Refractor Telescope Designs for Astronomy

A telescope has two roles optically, the first is to gather light and the second is to focus that light, a refractor excells at gathering light being the only unobstructed optical design. The traditional achromat refractor has some issues focusing all wavelengths (colours) at exactly the same point resulting in colour fringing or chromatic abberation (CA).

To combat this an achromat refractor is often made in longer focal lengths such as f9 as this reduces the CA to some extent if the aperture is small to medium sized, up to around 5" (127mm) provides good but not perfect results.

The problem
CA robs precious contrast from the view you see, especially important when observing fine planetary detail. You really need all the visible wavelengths of light to come together at focus for the best performance and view. The answer used to be impractically long focal ratios of f12 and f15, making a 5" refractor over 6ft long in some cases.

The solution
Modern special dispersion (ED) glass types and exotic triplet designs have all but eliminated CA but at a much higher cost than the basic achromat, both in terms of material costs and lens production. Now you can have a refractor where essentially all colours focus together and at short focal ratios which means practical, manageable length instruments.

ED Doublets
The most cost effective solution is the Extra low dispresion glass doublet or (ED) refractor using one special dispersion element to focus virtually all wavelengths extremely closely, resulting in a near perfect in focus star image. At focal ratios of f6 or greater this solution is ideal for visual observers and casual imagers, however it is not perfect for serious imaging as there are still traces of CA and at f6 / f7 the field is not completely flat. Field flatteners can be added to help with corrections for imagers who want better field curvature control with today's large chips in commercial cameras.

Triplet Apo's
Triplet apochromats are the ultimate answer for advanced visual and photographic applications, three lenses are used either air or oil spaced using at least one ED lens to correct for colour and fleld curvature is also better in the triplet. With this level of complex lens arrangement there are some practical drawbacks, air spacing insulates and slows cooldown and oil spacing restricts the design more than air spacing. Of course these are the most expensive to produce and assemble correctly but for many they are the ultimate astronomical telescope.

Final thoughts
Essentially unless you are very serious about imaging the ED doublet is likely to be the best choice.
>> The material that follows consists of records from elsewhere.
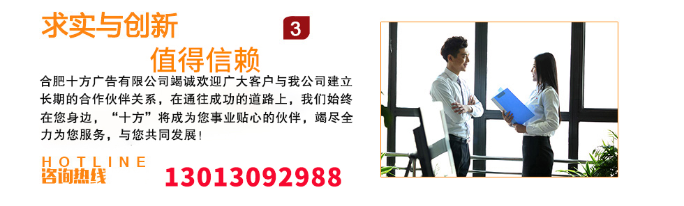 合肥十方廣告有限公司成立于2014年,是一家擁有良好行業口碑的廣告標識機構。我們的宗旨是“凝聚現代智慧、創作標識精品”。我們用我們的專業為客戶打造優質的廣告標識產品??蛻舻臐M意就是我們的動力。合肥十方廣告有限公司是一家實力雄厚,集廣告設計、制作及安裝;鋼結構制作、安裝;城市及道路照明設施設計、制作及安裝;標識、標牌設計制作、安裝;LED顯示屏制作、安裝及維護;廣告字牌設計、制作及安裝;燈箱制作及安裝;雕塑設計、制作及安裝等。在廣告界享有一定的知名度,也在廣大客戶中樹立了良好的口碑。我們的銷售及服務團隊都是由資深的行內專業人員及接受過嚴格培訓的技術人員...更多>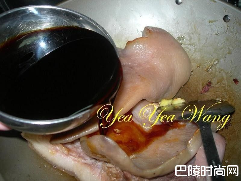 5倒入酱油.酱油膏.米酒及水盖上锅盖以中小火闷煮45-50min,过程记得要翻面让每个部位都能均匀受热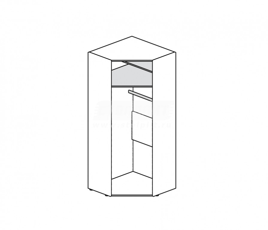 Этот угловой шкаф органично впишется в интерьер современной прихожей. Он отличается на удивление большой вместимостью. В шкафу можно аккуратно разместить одежду и аксессуары. В дизайне шкафа совмещаются контрастные натуральные оттенки.
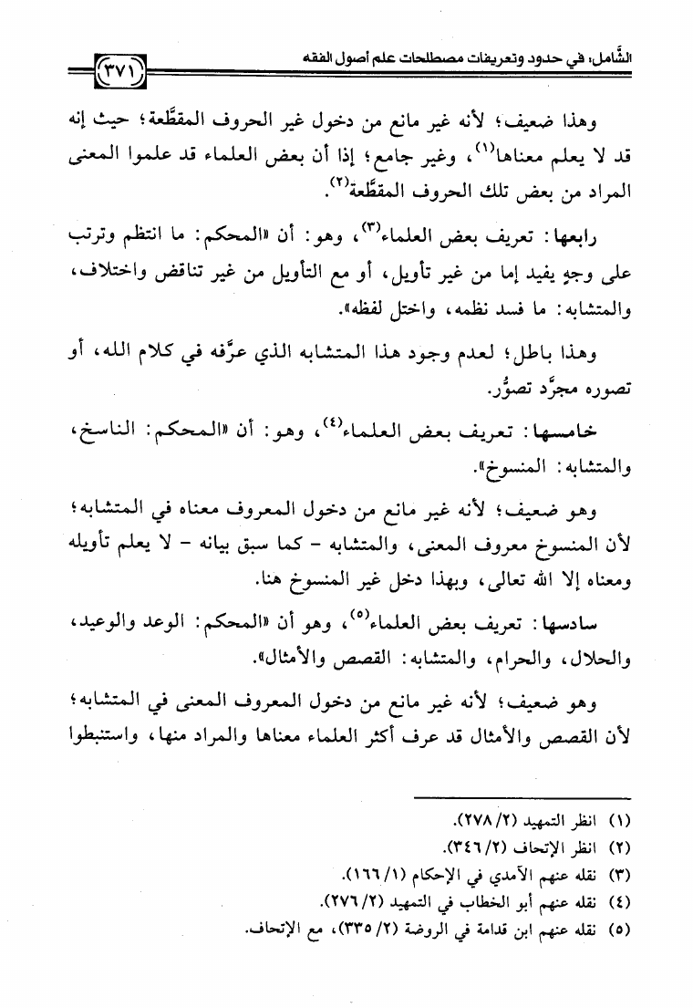 نام کتاب : الشامل في حدود وتعريفات مصطلحات علم أصول الفقه وشرح صحيحها وبيان ضعيفها والفروق بين المتشابه منها دراسة تأصيلية استقرائية نقدية نویسنده : عبد الكريم بن علي بن محمد النملة جلد : 1 صفحه : 371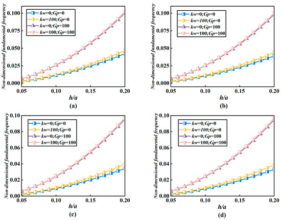 Figure 8 examines the effects of gradient index, elastic parameters, and thickness-to-width ratio on the sandwich plate’s dimensionless fundamental frequency. The ratio of thickness is hc/h = 0.8. Because of the thin plates, the bending stiffness and fundamental frequencies rise with overall thickness, as shown in Figure 8, which shows that the dimensionless fundamental frequency steadily increases as the thickness to width ratio rises from 0.05 to 0.2. Additionally, Figure 8 shows that as kw and Gp grow, the sandwich plate’s vibration frequency rises, but kw has less of an impact on the sandwich plate’s dimensionless fundamental frequency. Additionally, as Gp increases, the dimensionless fundamental frequency will rise noticeably.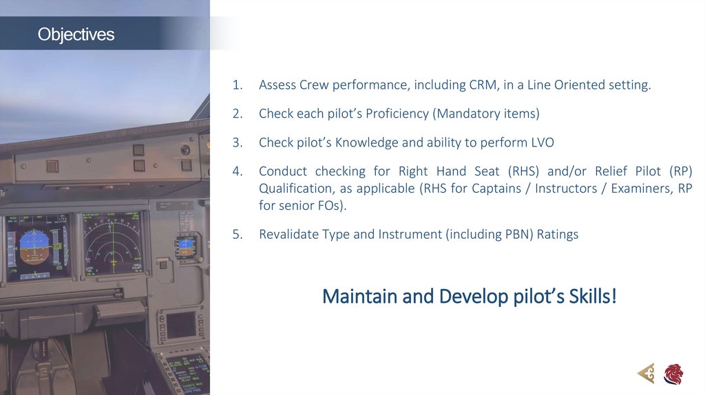 Assess Crew performance, including CRM, in a Line Oriented setting.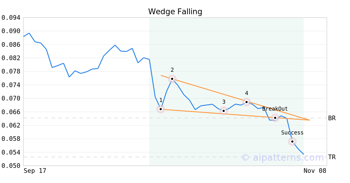 On October 31, 2025, A.I.dvisor detected a Wedge Falling Pattern (Bearish) for Ardor cryptocurrency (ARDR.X, $0.063790). On October 31, 2025, A.I.dvisor confirmed the Bearish pattern, setting a target price of the stock. On November 03, 2025, the stock hit the target price of $0.052600 – resulting in a +1 gain for traders who shorted the stock on the pattern detection date.

Virtually free of CA and offering extremely high light transmission and contrast with only four air to glass surfaces combined with lighter weight and a robust cell design these are very desirable options. The ED doublet is more expensive than an achromat but modern manufacturing and competitive retail pricing has made these more affordable than ever.

Popular ED doublets are produced by SkyWatcher with the Equinox and DS Pro ranges up to 150mm aperture, aswell as models from APM in 140mm and 152mm apertures.